*WHAT THE TASK ASKS*
In the records below, find the line with "今晚,山西省招生考試管理中心" and repeat exactly every line from it through the line with "En asistente de". Pictures stay out.

*THE DATA*

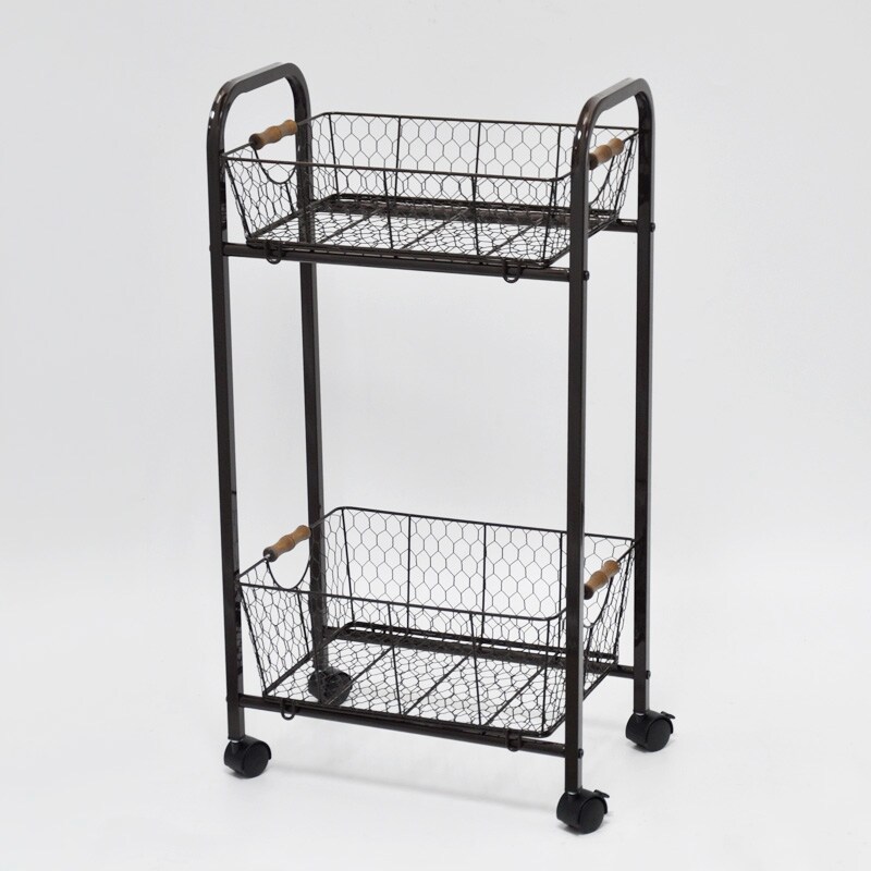 Chariot de service à 2 niveaux avec panier en fil métallique à dos roulé
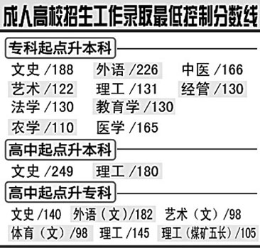 今晚,山西省招生考試管理中心公布了2008年成人高校招生工作錄取最低控制分?jǐn)?shù)線,結(jié)合我省2008年的成人招生計(jì)劃、報(bào)考人數(shù)和考生成績(jī)等情況,省招生考試管理中心劃定了2008年我省成人高校招生工作錄取最低控制分?jǐn)?shù)線。
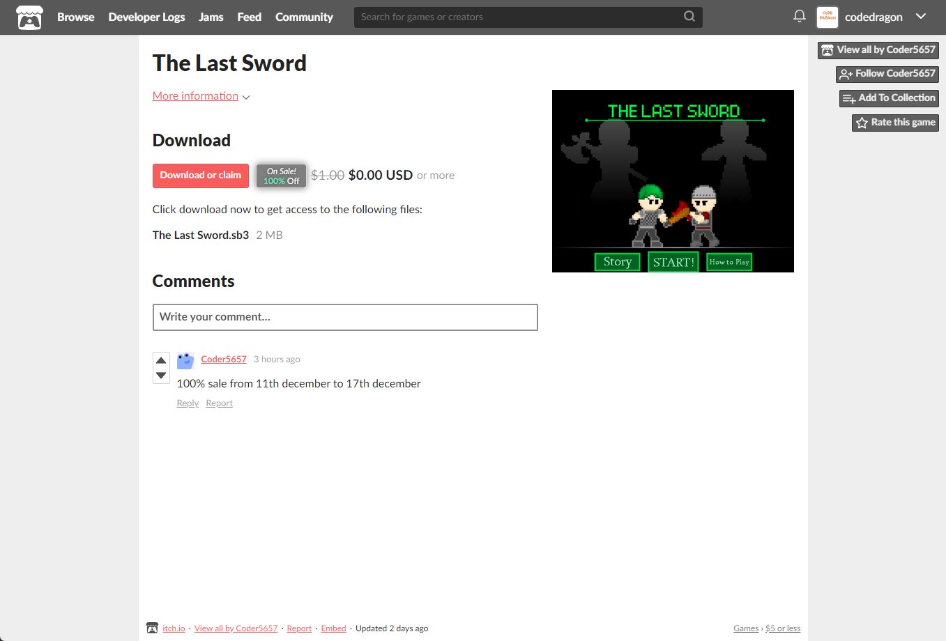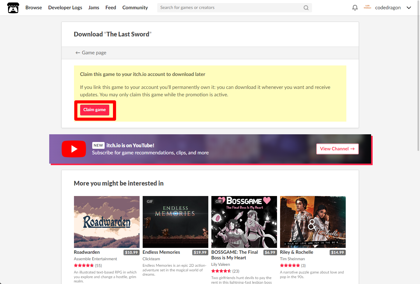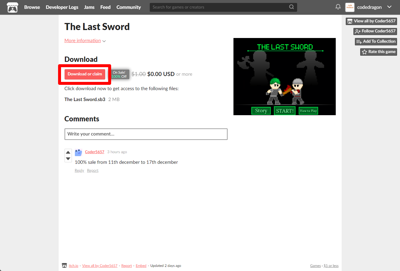 "The Last Sword" 페이지에 있는 [Download or claim]을 클릭합니다.
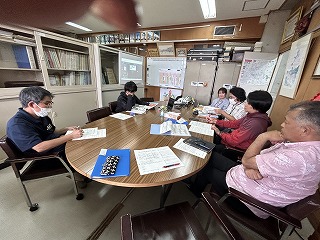 月曜日の6校時は先生方も総合的な学習部会で校内研究を進めています。校長室に集まった各学年の総合担当の先生方が、今週の総合の授業で使用するオリエンテーションのプレゼンや編集した動画を持ち寄って意見交換しました。公開授業研究会を6月13日に3年生の総合「錬心大陸プロジェクト」で実施することも決定しました。
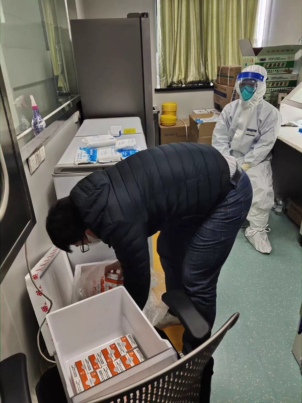 圣湘生物捐贈的第一批醫療設備、試劑以及配套耗材,順利抵達武漢。與當地合作商一起,裝運貨物入庫。
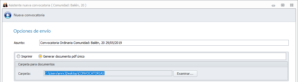 En asistente de envío de convocatorias y actas permitir el volcado de la impresión en un archivo pdf único
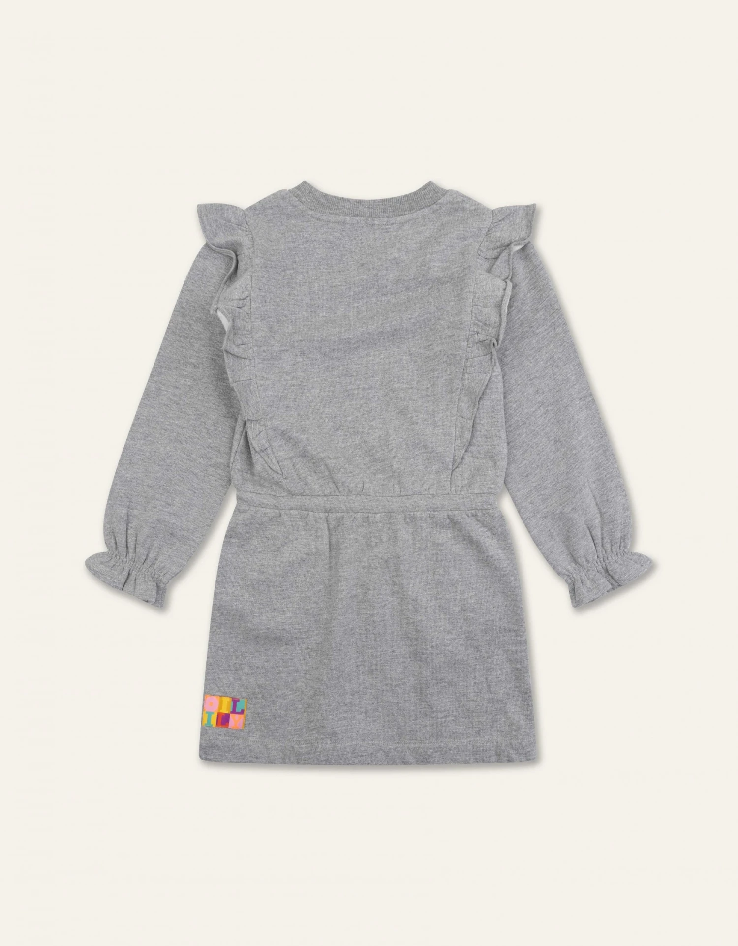 Sweater dress in sportieve grijze kleur met genoeg kleurrijke details voor veel vrolijkheid. De jurk heeft ruches langs de gehele voorkant tot de taille en bij de manchetten. Op je buik een vrolijke, gestikte logo badge en om je middel roze logo koords met rubberen tips.
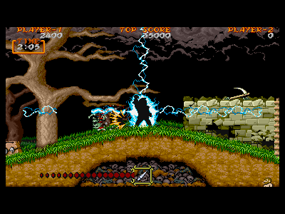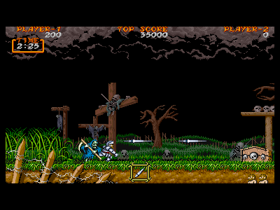 | 攻撃ボタンを押すと、真横に槍が飛んでいきます。連射は2連射まで。特にこれといった特徴が無く、どんな場面でも無難に使うことができます。苦手な武器を取った後、この武器が出てきたら、無難に乗り換えが可能。速度がやや遅めなのが、欠点といえば、欠点です。 ただ、本当の意味で特別強みのある武器でもないので、自分が慣れた武器があるのなら、早急に乗り換えた方が良いでしょう。 ゲームに慣れるまでは、これを使い続けるのも、一つの手です。 |
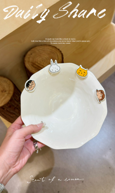 新商品ins楽しい毎日8.5インチサラダ皿家庭用セラミック皿シンプル皿デザート皿
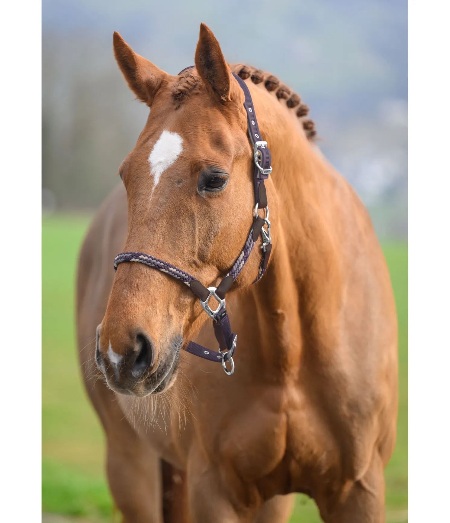 Élégant licol avec large têtière anatomique. Doublure douce en caoutchouc chloroprène. Muserolle, sous-gorge et montants en corde souple tressée pour une action directe mais douce. Têtière doublement réglable, muserolle réglable. Bouclerie résistante de qualité supérieure. 100 % polypropylène.
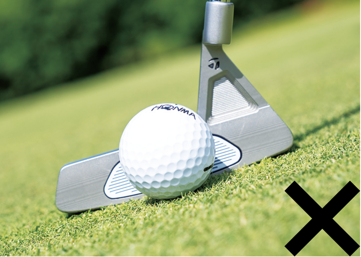 大きく曲がるラインで引っかけや押し出してしまうミスが多い人は要確認。斜面に沿ってパターをソールせず、スライスラインはトゥ側が、フックラインはヒール側が浮く「パターの〝ライ角どおり〟」に構えて打ちましょう。
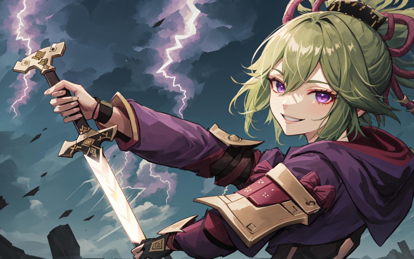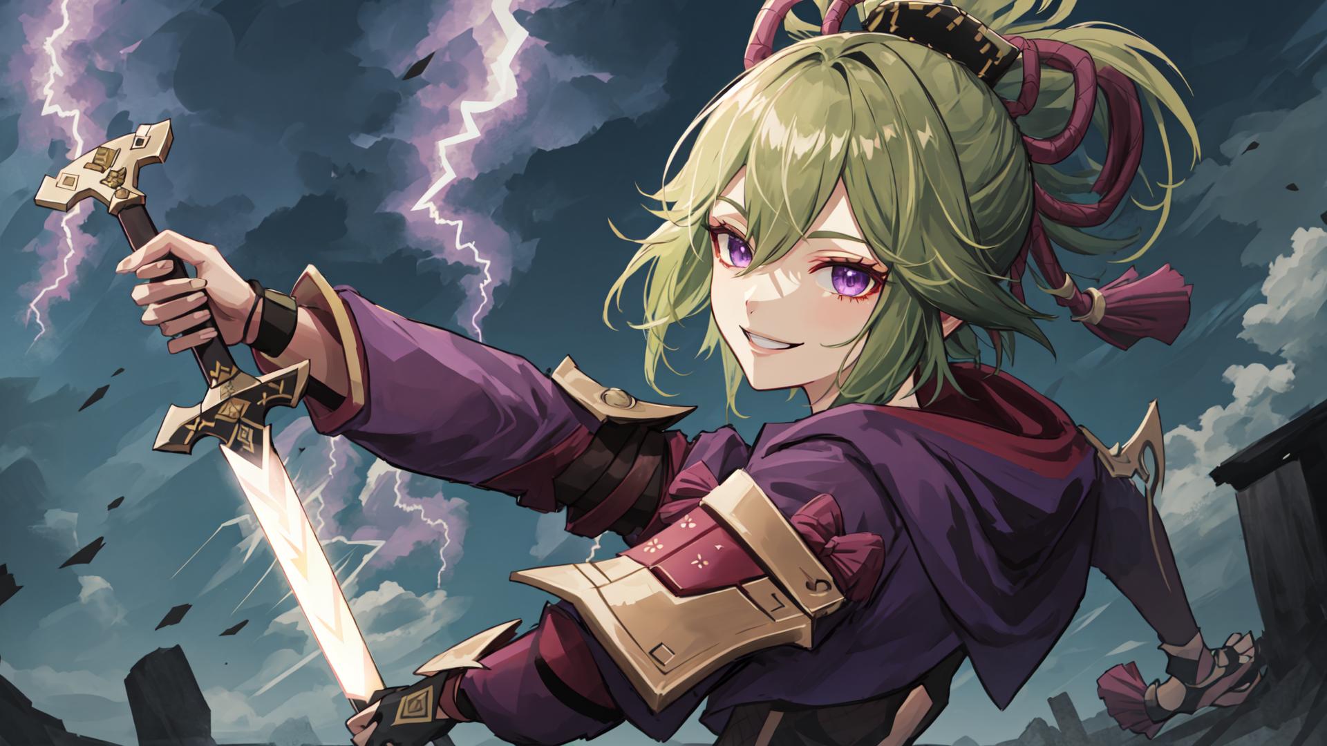 1girl, armor, bangs, cloud, cloudy sky, electricity, gloves, green hair, grin, hair between eyes, hair ornament, holding, holding sword, holding weapon, hood, hood down, jacket, lightning , long sleeves, looking at viewer, looking back, looking to the side, outdoors, ponytail, purple eyes, purple jacket, reverse grip, rope, shimenawa, sky, smile, solo, sword, upper body, weapon

*RESULT BELOW*
 今晚,山西省招生考試管理中心公布了2008年成人高校招生工作錄取最低控制分?jǐn)?shù)線,結(jié)合我省2008年的成人招生計(jì)劃、報(bào)考人數(shù)和考生成績(jī)等情況,省招生考試管理中心劃定了2008年我省成人高校招生工作錄取最低控制分?jǐn)?shù)線。
 "The Last Sword" 페이지에 있는 [Download or claim]을 클릭합니다.
 月曜日の6校時は先生方も総合的な学習部会で校内研究を進めています。校長室に集まった各学年の総合担当の先生方が、今週の総合の授業で使用するオリエンテーションのプレゼンや編集した動画を持ち寄って意見交換しました。公開授業研究会を6月13日に3年生の総合「錬心大陸プロジェクト」で実施することも決定しました。
 圣湘生物捐贈的第一批醫療設備、試劑以及配套耗材,順利抵達武漢。與當地合作商一起,裝運貨物入庫。
 En asistente de envío de convocatorias y actas permitir el volcado de la impresión en un archivo pdf único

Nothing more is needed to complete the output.